> [Input records]
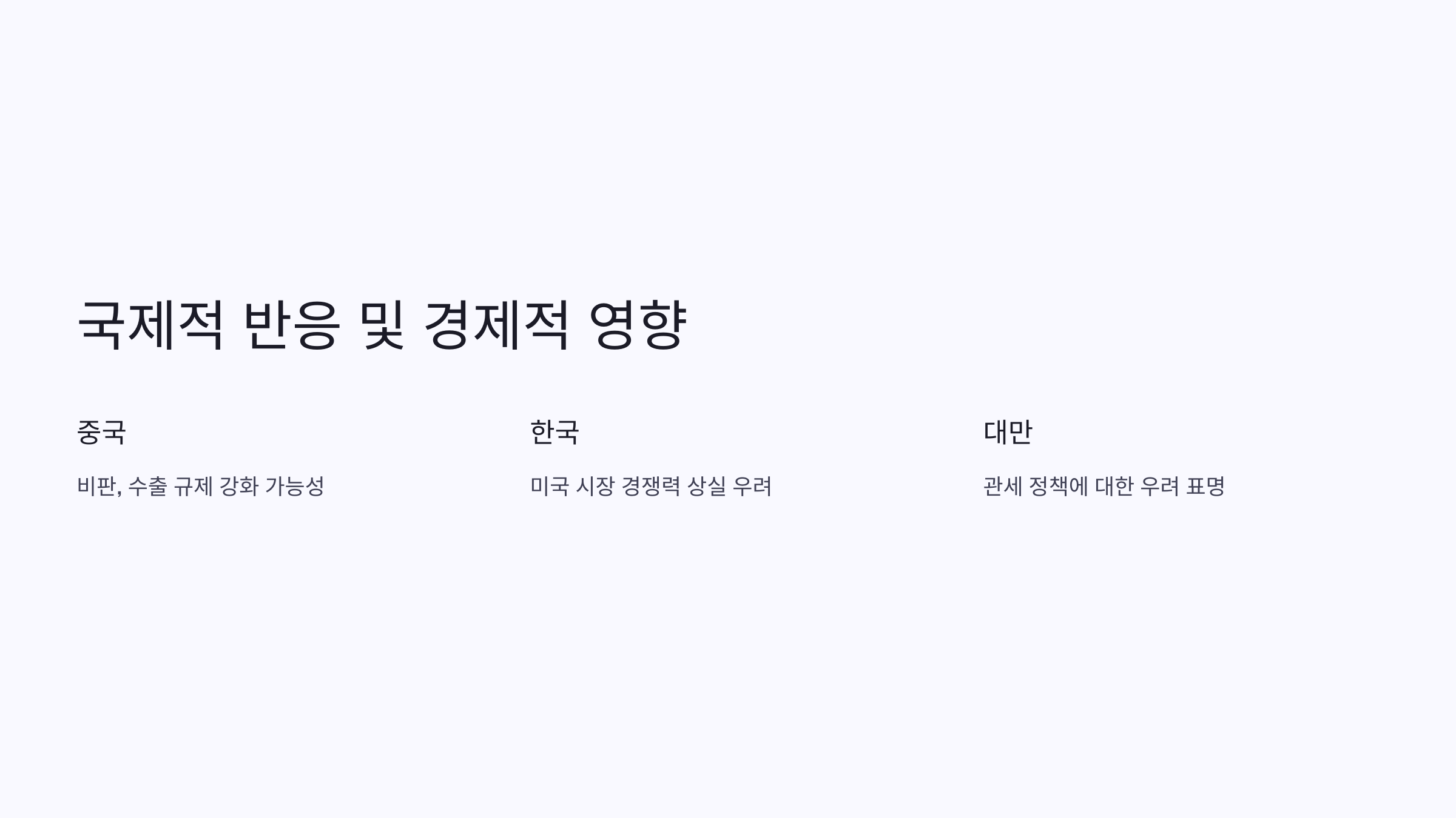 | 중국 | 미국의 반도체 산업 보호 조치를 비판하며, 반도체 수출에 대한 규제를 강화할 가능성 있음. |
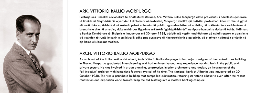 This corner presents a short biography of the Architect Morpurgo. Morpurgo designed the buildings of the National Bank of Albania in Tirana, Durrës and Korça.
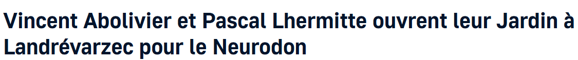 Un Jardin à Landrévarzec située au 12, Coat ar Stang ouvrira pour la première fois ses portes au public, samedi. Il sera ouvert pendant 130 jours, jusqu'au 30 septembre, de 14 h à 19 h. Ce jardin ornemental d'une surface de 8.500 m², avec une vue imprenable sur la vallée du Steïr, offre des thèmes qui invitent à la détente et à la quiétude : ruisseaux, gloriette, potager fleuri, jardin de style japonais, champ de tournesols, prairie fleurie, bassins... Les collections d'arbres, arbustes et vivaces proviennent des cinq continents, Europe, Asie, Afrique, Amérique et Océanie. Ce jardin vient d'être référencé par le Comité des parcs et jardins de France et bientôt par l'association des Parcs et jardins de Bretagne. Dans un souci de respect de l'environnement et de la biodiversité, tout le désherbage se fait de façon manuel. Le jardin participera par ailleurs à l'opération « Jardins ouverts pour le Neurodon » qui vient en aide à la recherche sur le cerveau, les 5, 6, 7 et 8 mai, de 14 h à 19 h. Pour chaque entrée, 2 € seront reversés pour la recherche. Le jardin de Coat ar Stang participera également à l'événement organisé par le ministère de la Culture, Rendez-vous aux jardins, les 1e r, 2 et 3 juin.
---
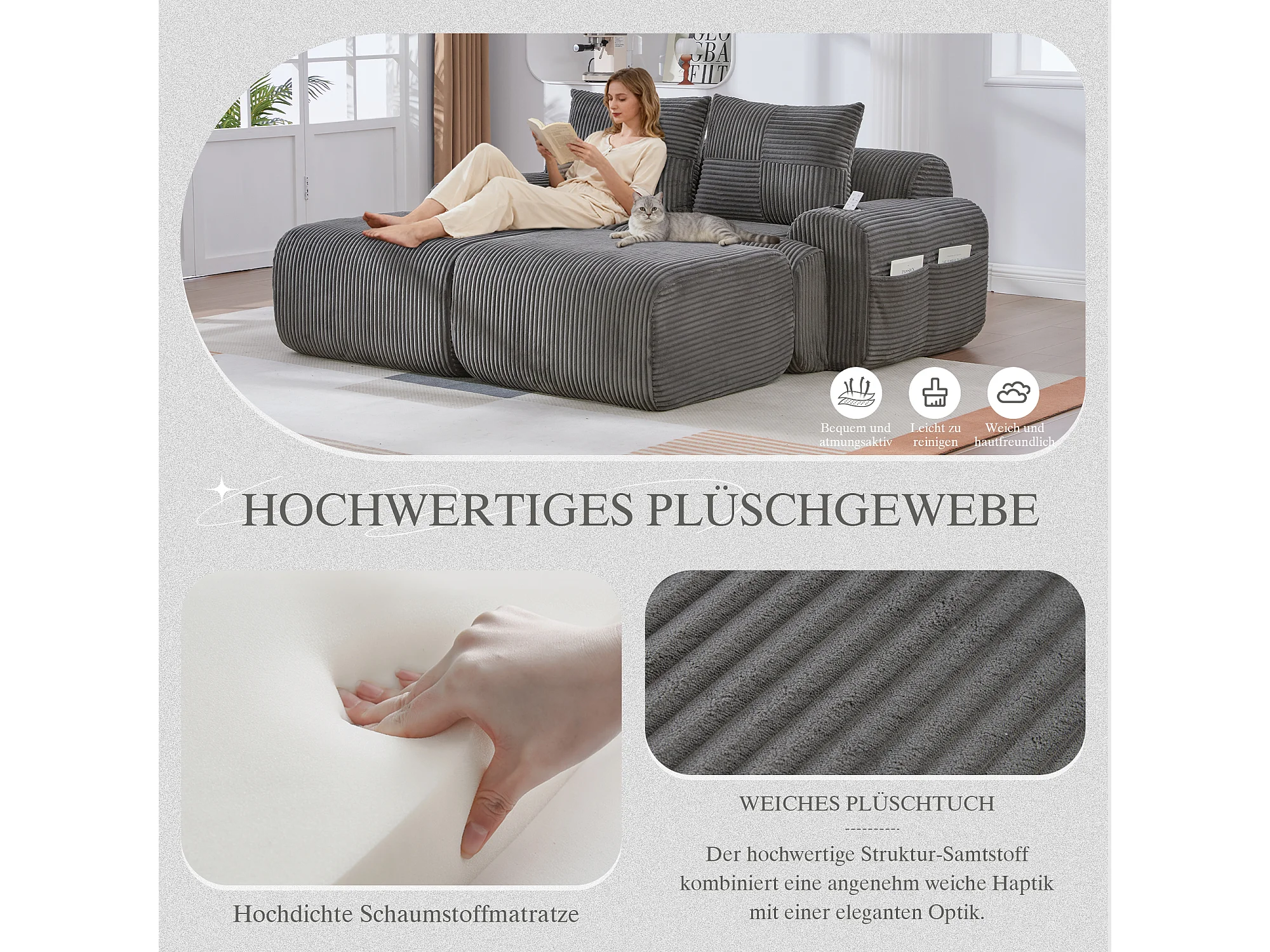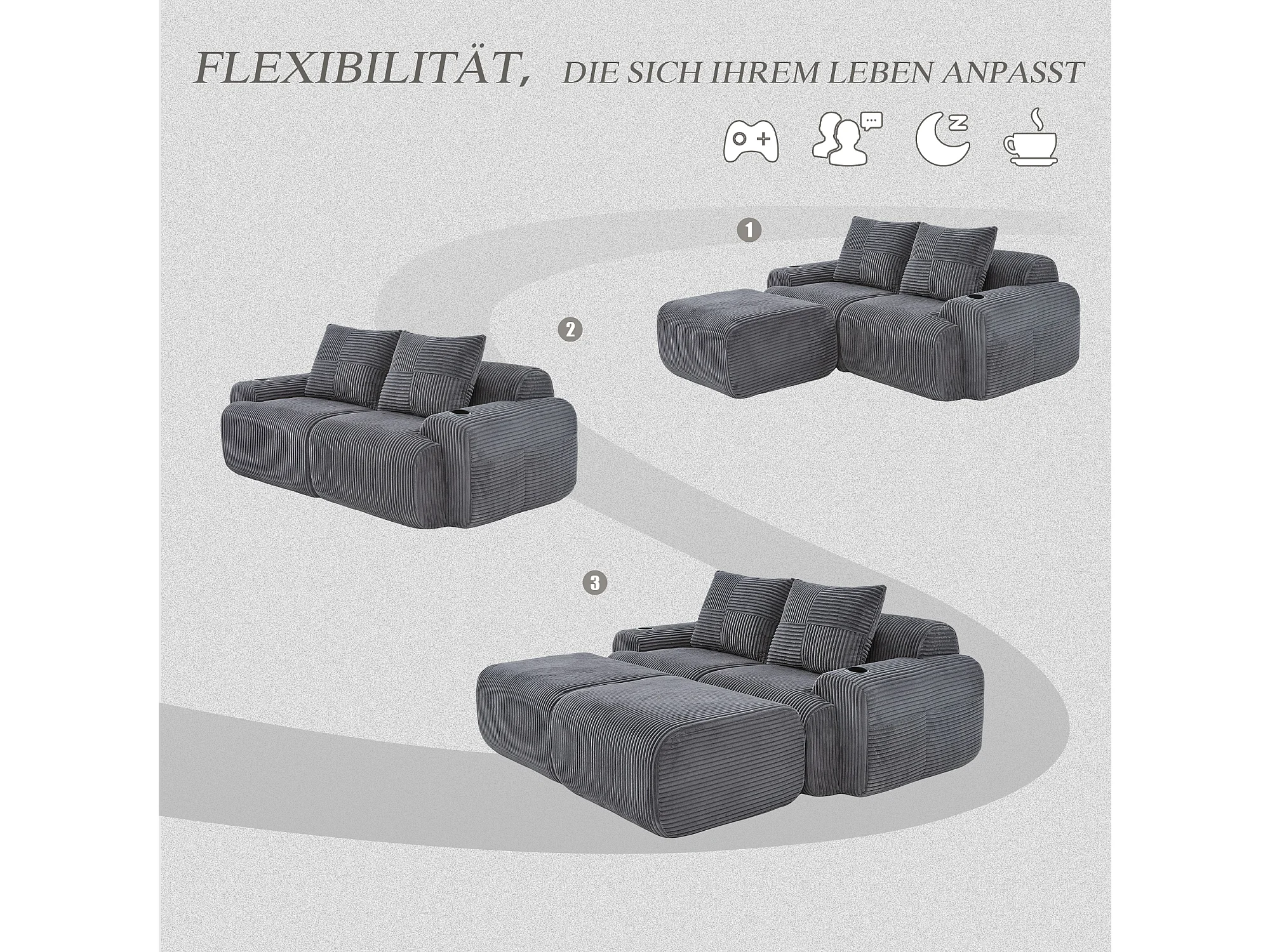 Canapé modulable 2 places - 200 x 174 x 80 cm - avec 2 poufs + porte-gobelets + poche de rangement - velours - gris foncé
* * *
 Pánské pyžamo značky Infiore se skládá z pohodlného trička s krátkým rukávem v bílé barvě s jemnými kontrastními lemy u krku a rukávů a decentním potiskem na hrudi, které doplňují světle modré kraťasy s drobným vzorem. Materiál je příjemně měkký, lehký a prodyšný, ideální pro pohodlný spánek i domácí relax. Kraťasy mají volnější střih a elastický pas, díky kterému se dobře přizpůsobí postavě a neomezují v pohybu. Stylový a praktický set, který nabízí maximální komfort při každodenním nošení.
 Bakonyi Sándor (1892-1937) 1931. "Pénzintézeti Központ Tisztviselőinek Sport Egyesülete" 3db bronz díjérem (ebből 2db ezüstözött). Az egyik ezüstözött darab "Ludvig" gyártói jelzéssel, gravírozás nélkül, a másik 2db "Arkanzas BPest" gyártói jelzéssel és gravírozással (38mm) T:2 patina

> [Problem description] Could you set down, exactly as written, the lines above between the one holding "Pánské pyžamo značky" and the one holding "Bakonyi Sándor (1892-1937)", inclusive, and nothing more?

> [The completed task]
 Pánské pyžamo značky Infiore se skládá z pohodlného trička s krátkým rukávem v bílé barvě s jemnými kontrastními lemy u krku a rukávů a decentním potiskem na hrudi, které doplňují světle modré kraťasy s drobným vzorem. Materiál je příjemně měkký, lehký a prodyšný, ideální pro pohodlný spánek i domácí relax. Kraťasy mají volnější střih a elastický pas, díky kterému se dobře přizpůsobí postavě a neomezují v pohybu. Stylový a praktický set, který nabízí maximální komfort při každodenním nošení.
 Bakonyi Sándor (1892-1937) 1931. "Pénzintézeti Központ Tisztviselőinek Sport Egyesülete" 3db bronz díjérem (ebből 2db ezüstözött). Az egyik ezüstözött darab "Ludvig" gyártói jelzéssel, gravírozás nélkül, a másik 2db "Arkanzas BPest" gyártói jelzéssel és gravírozással (38mm) T:2 patina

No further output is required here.